_Task to carry out_. Retype the material that follows exactly, limited to the lines from the one with "Kanz 5 kat dolgulu" through the one with "GRADED A+||BRAND NEW!!", and keep out all pictures.

_Recorded information_.
============================================================

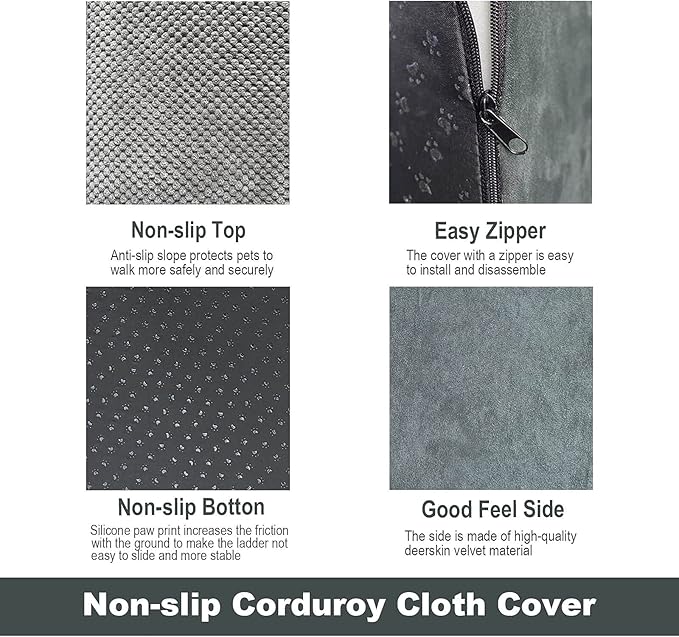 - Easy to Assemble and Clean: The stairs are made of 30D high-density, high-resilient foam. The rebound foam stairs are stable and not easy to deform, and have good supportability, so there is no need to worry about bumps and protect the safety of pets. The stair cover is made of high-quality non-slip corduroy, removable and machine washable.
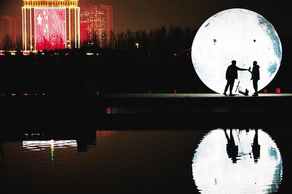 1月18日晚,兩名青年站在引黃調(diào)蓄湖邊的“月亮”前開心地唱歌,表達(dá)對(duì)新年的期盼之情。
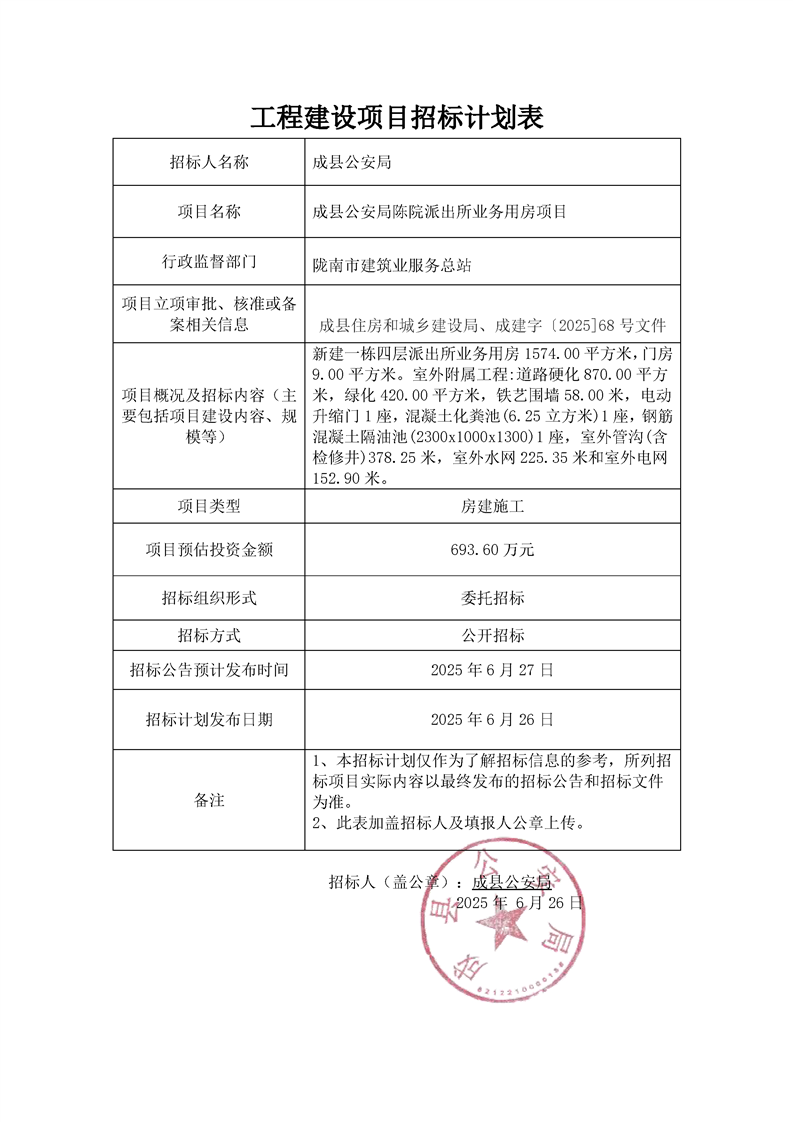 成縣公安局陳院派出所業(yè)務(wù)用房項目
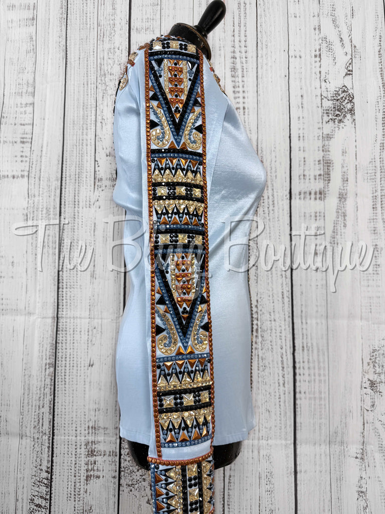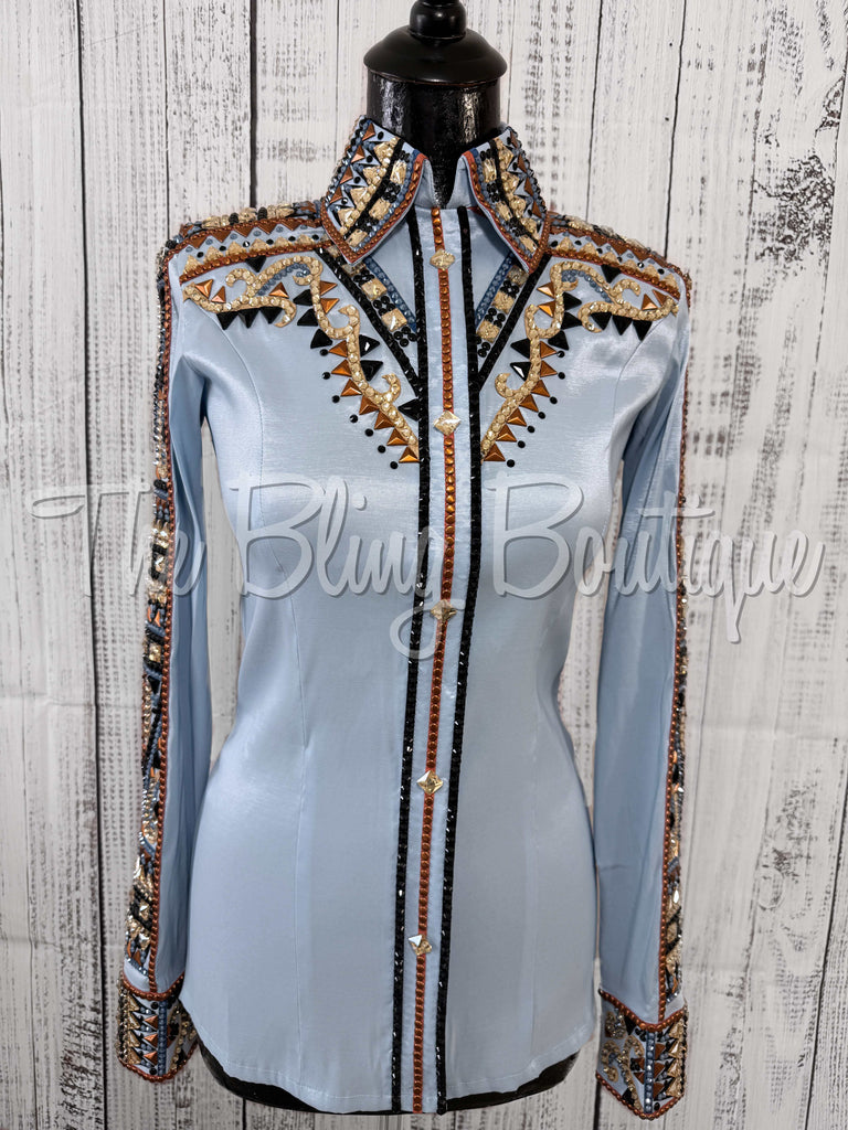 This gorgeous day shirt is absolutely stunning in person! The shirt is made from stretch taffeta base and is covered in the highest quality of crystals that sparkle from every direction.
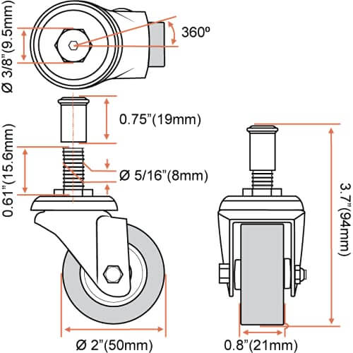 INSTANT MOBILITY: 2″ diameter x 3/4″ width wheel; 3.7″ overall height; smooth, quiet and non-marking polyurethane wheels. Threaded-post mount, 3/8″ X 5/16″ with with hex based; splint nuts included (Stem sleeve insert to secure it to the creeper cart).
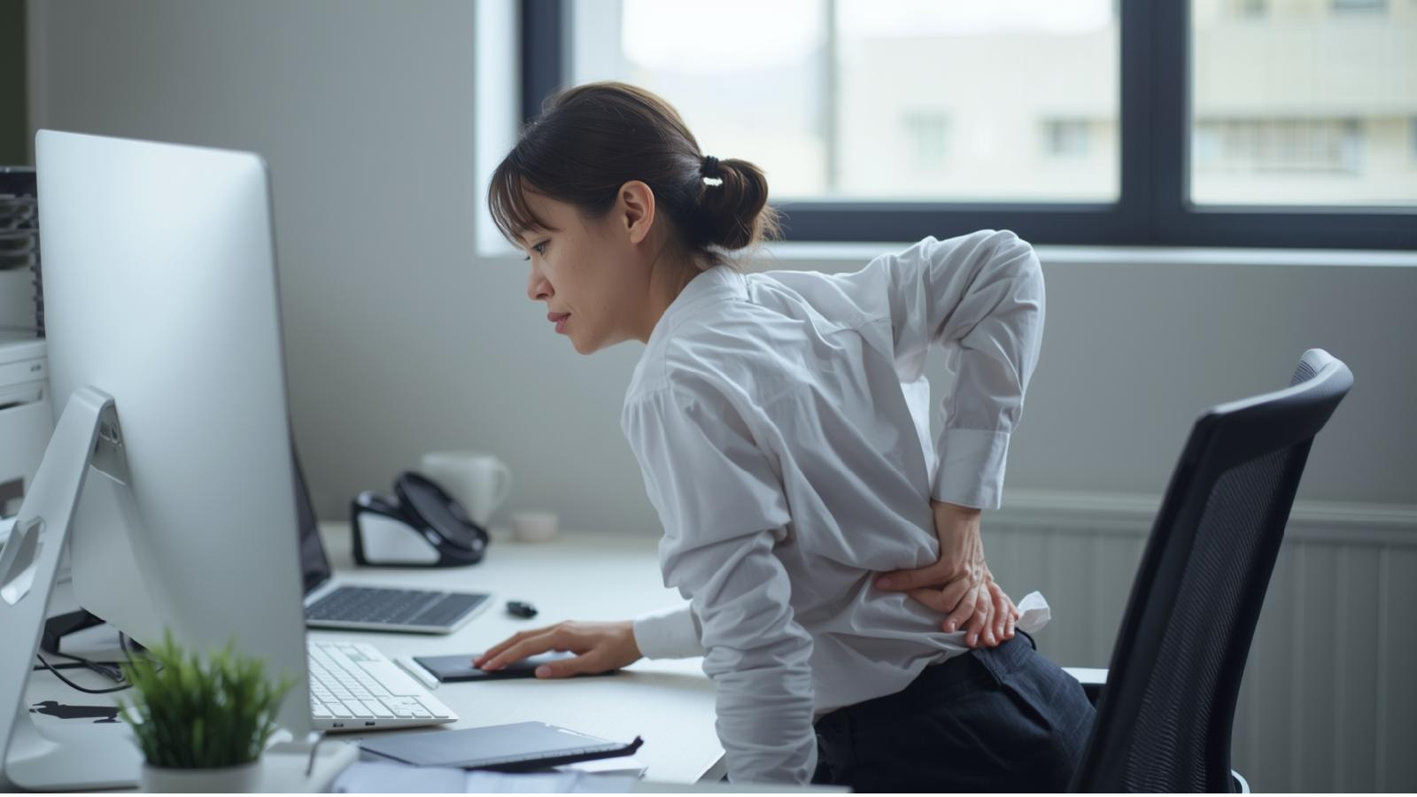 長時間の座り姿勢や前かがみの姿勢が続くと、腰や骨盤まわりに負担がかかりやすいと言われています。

============================================================

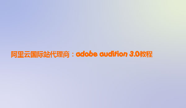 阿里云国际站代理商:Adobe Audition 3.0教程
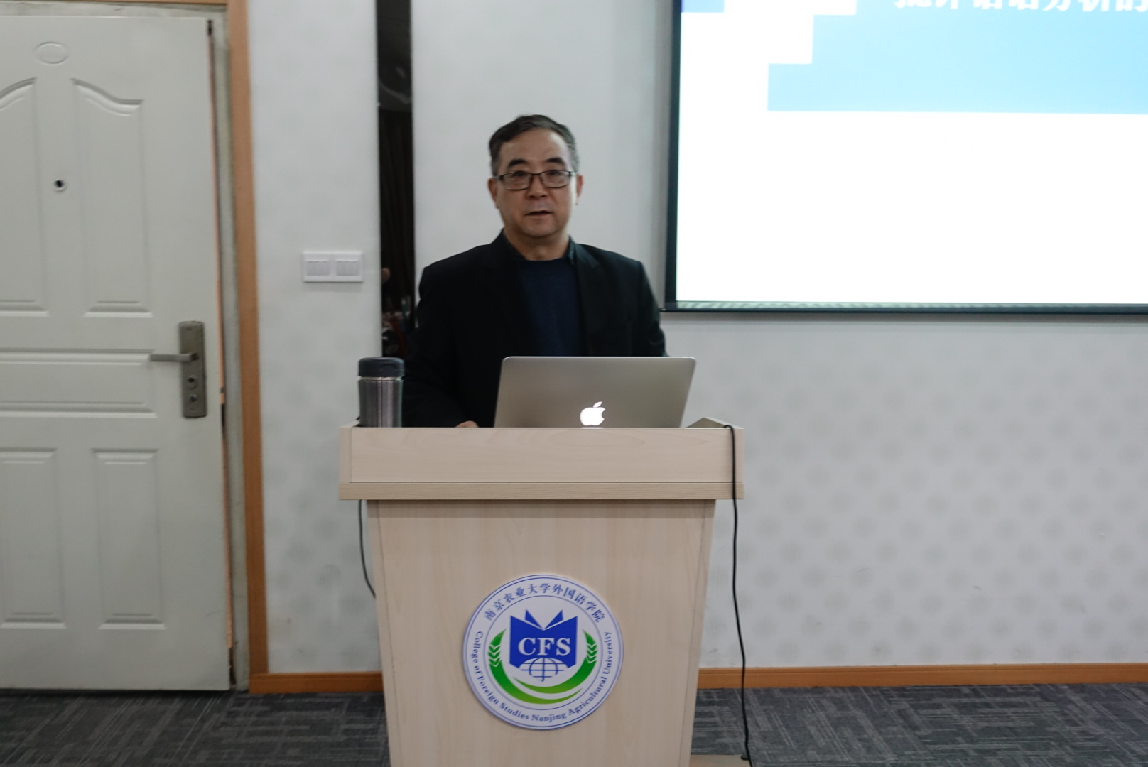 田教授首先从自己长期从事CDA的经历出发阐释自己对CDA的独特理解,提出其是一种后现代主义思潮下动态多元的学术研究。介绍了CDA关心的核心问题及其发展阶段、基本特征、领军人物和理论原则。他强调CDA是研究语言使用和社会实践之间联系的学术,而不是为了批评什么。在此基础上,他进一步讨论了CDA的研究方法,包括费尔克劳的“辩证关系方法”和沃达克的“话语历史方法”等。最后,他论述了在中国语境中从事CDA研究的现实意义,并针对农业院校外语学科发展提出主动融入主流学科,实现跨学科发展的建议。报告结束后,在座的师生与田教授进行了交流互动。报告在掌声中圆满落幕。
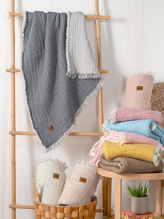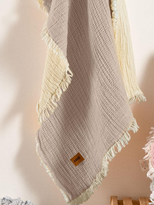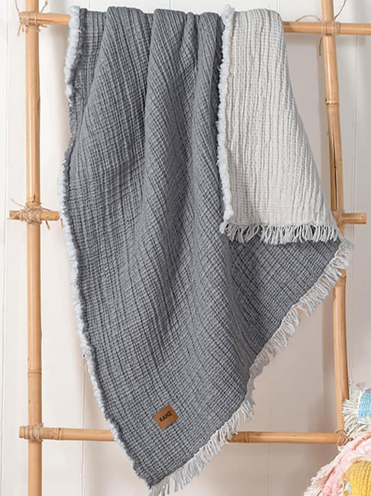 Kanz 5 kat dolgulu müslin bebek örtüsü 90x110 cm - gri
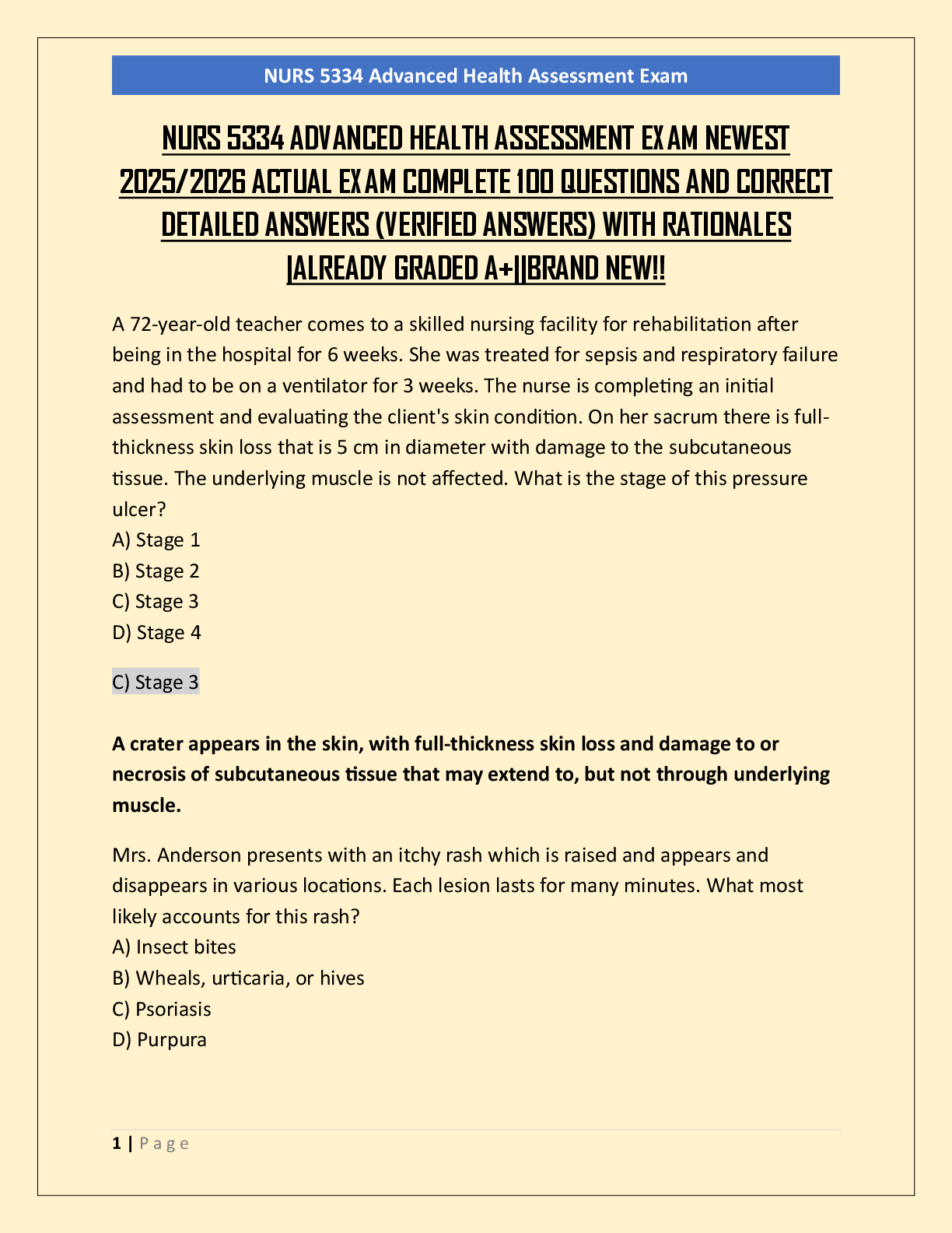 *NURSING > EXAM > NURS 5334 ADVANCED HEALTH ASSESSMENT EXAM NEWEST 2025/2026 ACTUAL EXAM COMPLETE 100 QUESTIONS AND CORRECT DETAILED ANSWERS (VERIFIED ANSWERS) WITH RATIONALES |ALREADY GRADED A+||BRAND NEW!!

============================================================

_Written response_.
 Kanz 5 kat dolgulu müslin bebek örtüsü 90x110 cm - gri
 *NURSING > EXAM > NURS 5334 ADVANCED HEALTH ASSESSMENT EXAM NEWEST 2025/2026 ACTUAL EXAM COMPLETE 100 QUESTIONS AND CORRECT DETAILED ANSWERS (VERIFIED ANSWERS) WITH RATIONALES |ALREADY GRADED A+||BRAND NEW!!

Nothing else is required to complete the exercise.